In women, hormonal changes during menopause are the main source of alterations in hair characteristics that lead to the change in pigmentation (graying of hair), growth and diameter. Also, up to 50% of women experience female pattern hair loss (FPHL) and senile alopecia (reduction in follicles). The clinical distinction between these two can be challenging as the conditions may coexist. Fibrosing alopecia, another entity, is a slow, progressive cicatricial alopecia (scarring alopecia) characterized as a pale, atrophic patch surrounded by hyperpigmented skin due to long-term sun damage and producing symmetrical balding in front and at the sides of the scalp but rarely affecting other areas. It is often associated with nonscarring alopecia of body hair or eyebrows.
Telogen effluvium is the premature transformation of hair from the anagen (growing phase) to telogen phase (resting phase). It is usually associated with endocrine, nutritional and autoimmune disorders but may be secondary to hemorrhage, high fever, surgery, drug use, diet or great psychological stress. Chronic telogen effluvium (CTE) is hair fall lasting more than six months. It predominantly occurs in women aged 40 to 60 years old. CTE is assumed to result from a shortened duration of the growing phase in the absence of the shrinking of hair follicles.

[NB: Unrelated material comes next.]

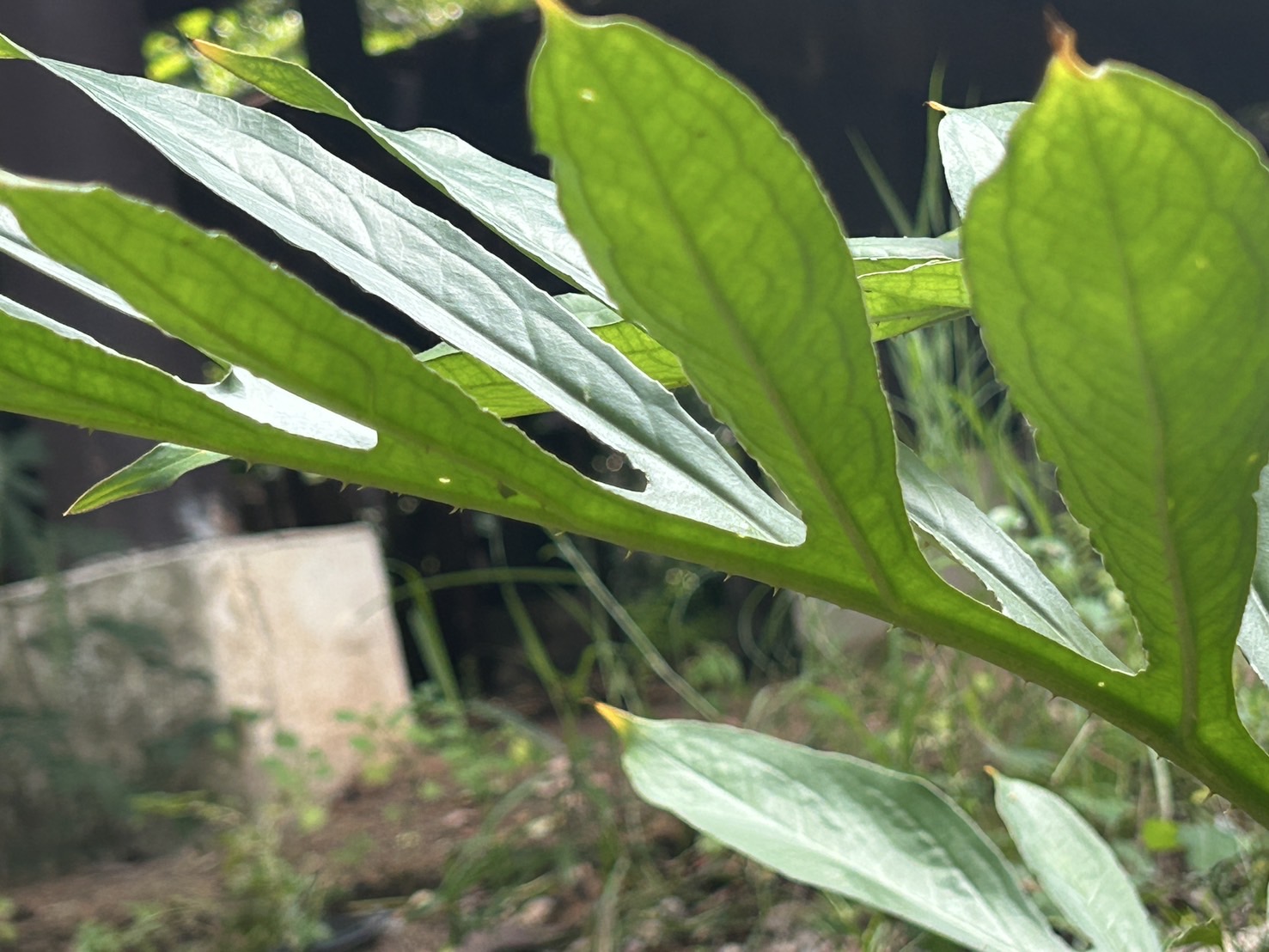 | ลักษณะใบ | ใบเป็นใบเดี่ยว ออกเรียงสลับ ใบเป็นรูปหัวลูกศรหรือรูปโล่ ปลายใบแหลม ขอบใบเรียบและหยักเว้นลึกเป็น 9 พู รอยเว้ามักลึกเกือบถึงเส้นกลางใบ มีหนามแหลมตามเส้นใบด้านล่างและตามก้านใบ ใบอ่อนม้วนเป็นแท่งกลม ก้านใบเป็นรูปทรงกระบอกยาวและแข็ง |

Brittle nails syndrome involves factors that affect adhesion of the superficial layer of the nail plate (resulting in nail splitting) and altered nail formation from its matrix (results in easy breakage of fingernails). Low estrogen levels in menopause lead to dehydration of the nail plate and other problems as well as the likes of: cardiovascular, urogenital (frequent urination, cystitis. and incontinence are more common), osteoporosis, teeth (menopause blamed for numerous dental/oral issues, including dry mouth and desquamative gingivitis but often aging itself is the cause. Disruption of an entire chain of biochemical activities affects the production of mood-regulating chemicals, including serotonin and endorphins, resulting in mood swings, temper tantrums, depression, surprising highs, followed by equally unexpected lows), vasomotor instability (hot flashes), altered menstrual function, vaginal atrophy (the genital tract is highly estrogen-dependent so that body changes during menopausal transition and post-menopause include vaginal and vulval dryness, painful sex, post-coital bleeding/ spotting and thinning of the labia).
A sizable number of treatment procedures are now available for skin, hair and nail problems. Access to creams, peeling agents that remove pigmentation, state-of-the-art laser therapy, antiaging injectibles, oral supplements and medications are your best bets to maintain or restore whatever menopause has stolen away from you.